Mina Lacan, c’est en quelque sorte son nom de scène. Et un clin d’œil aussi au célèbre psychanalyste Jacques Lacan. Ce personnage, sous couvert de fiction, raconte la carrière de Marie-Laure Brunel-Dupin, lieutenante-colonelle de gendarmerie et pionnière en France de la crimino-psychologie. Comme Mina, Marie-Laure rêvait, adolescente, de « dégommer les méchants ». À 47 ans, c’est ce qu’elle s’emploie à faire à la tête de la Division des Affaires Non Élucidées (DiANE), une unité spécialisée qu’elle a créée en 2020 au sein du Pôle judiciaire de la gendarmerie nationale (PJGN).  

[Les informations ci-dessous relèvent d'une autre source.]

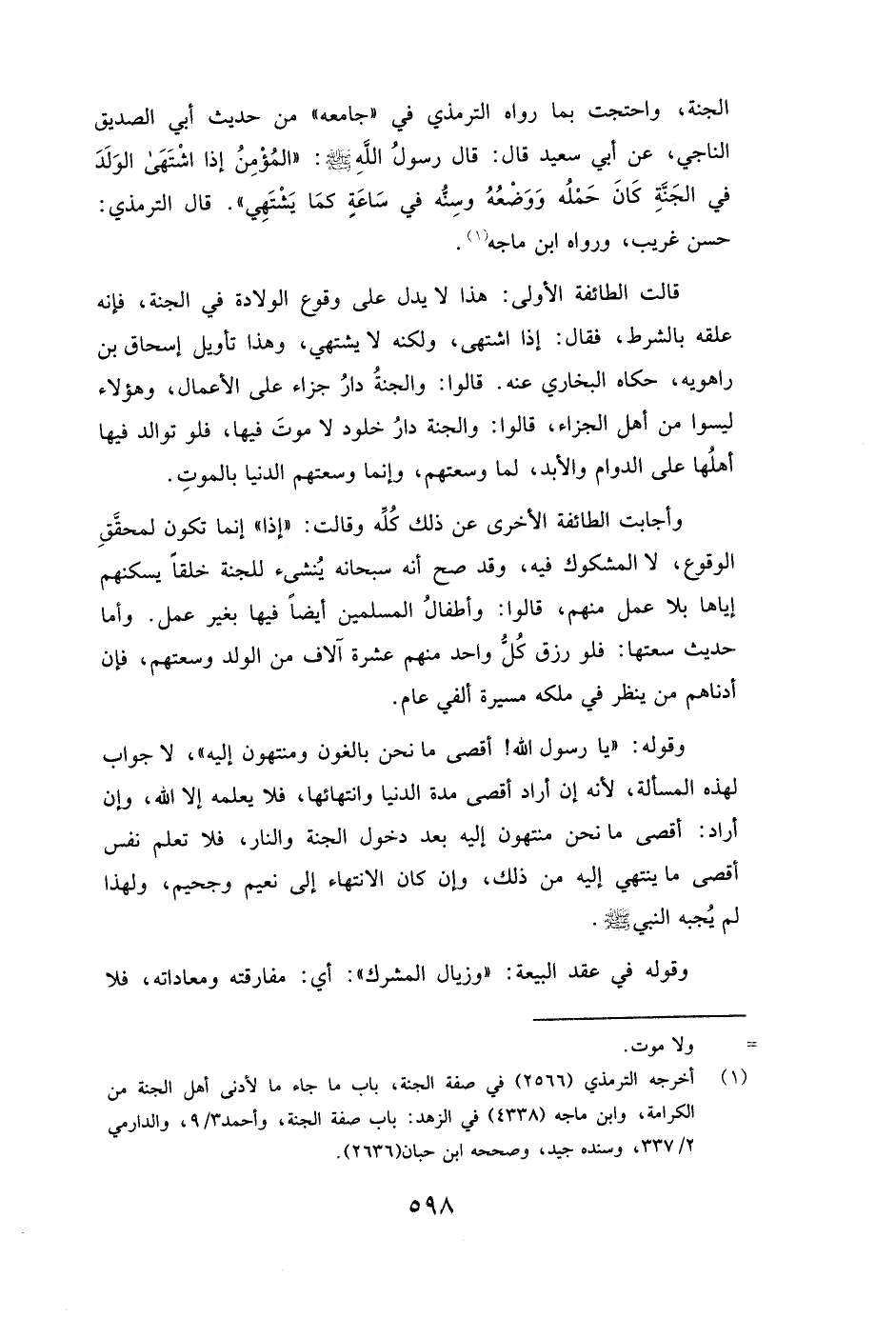 قَالَتِ الطَّائِفَةُ الْأُولَى: هَذَا لَا يَدُلُّ عَلَى وُقُوعِ الْوِلَادَةِ فِي الْجَنَّةِ فَإِنَّهُ عَلَّقَهُ بِالشَّرْطِ، فَقَالَ: إِذَا اشْتَهَى وَلَكِنَّهُ لَا يَشْتَهِي، وَهَذَا تَأْوِيلُ إِسْحَاقَ بْنِ رَاهَوَيْهِ حَكَاهُ الْبُخَارِيُّ عَنْهُ. قَالُوا: وَالْجَنَّةُ دَارُ جَزَاءٍ عَلَى الْأَعْمَالِ، وَهَؤُلَاءِ لَيْسُوا مَنْ أَهْلِ الْجَزَاءِ، قَالُوا: وَالْجَنَّةُ دَارُ خُلُودٍ لَا مَوْتَ فِيهَا، فَلَوْ تَوَالَدَ فِيهَا أَهْلُهَا عَلَى الدَّوَامِ وَالْأَبَدِ لَمَا وَسِعَتْهُمْ، وَإِنَّمَا وَسِعَتْهُمُ الدُّنْيَا بِالْمَوْتِ.

Comme Mina encore, Marie-Laure a su très jeune « ce qu’elle voulait devenir plus tard » grâce au « Silence des Agneaux », un thriller américain où Clarice Starling, jeune analyste du FBI, affronte Hannibal Lecter, un tueur en série psychopathe. Mais un doute subsistait. « Je me suis dit qu’on ne confierait jamais une tâche comme ça à un jeune agent sorti de l’Académie, donc ça a attiré mon attention. Puis, le déclic, je l’ai eu en découvrant que c’était réel et une vraie fonction d’agent du FBI », explique-t-elle à Audrey Crespo-Mara dans la vidéo en tête de cet article.

Patrice Alègre : « Difficile de le faire avouer »

Le problème, c’est que ce métier, qui consiste à plonger dans la tête d’un tueur en série, n’existait pas en France. Il a donc fallu créer cette profession de toutes pièces. Pour ce faire, Marie-Laure s’est forgée « un cursus à la carte » : sept ans d’étude, avec maîtrise de droit, certificat de sciences criminelles, diplôme universitaire de criminologie appliquée à l’expertise mentale. « J’ai fait des études qui ressemblaient le plus possible à l’image que j’avais d’un agent du FBI, spécialisé en sciences du comportement. Pour moi, un agent, c’était d’abord un enquêteur, donc j’ai fait des études de droit et des spécialisations en criminologie et en psychologie criminelle. Et ensuite, il fallait que j’invente un parcours professionnel », confie-t-elle. 

Le culot fera le reste puisque Marie-Laure écrit au patron de la Gendarmerie nationale pour se faire engager. « Je lui ai dit que j’étais prête à monter une équipe de spécialistes de l’analyse comportementale et que s’il a besoin de moi et qu’il ne le sait pas, je suis volontaire et disponible », raconte-t-elle. Aussitôt sa candidature retenue, la gendarmerie est confrontée à l’affaire Patrice Alègre, un tueur condamné à la perpétuité pour cinq meurtres et six viols dans la région de Toulouse. L’occasion pour Marie-Laure de mettre en pratique son énorme bagage théorique. « Avec lui, ce qui est difficile, c’est d’établir des séries, de savoir ce qu’il a fait d’autre, de l’approcher, de le faire avouer. Tout est compliqué. On est vraiment sur un tueur en série avec ses répétitions et ses tentatives d’échapper à la justice. Comme on résout mieux les crimes quand on les a compris, c’est tout l’enjeu de l’analyse comportementale », argumente la lieutenante-colonelle.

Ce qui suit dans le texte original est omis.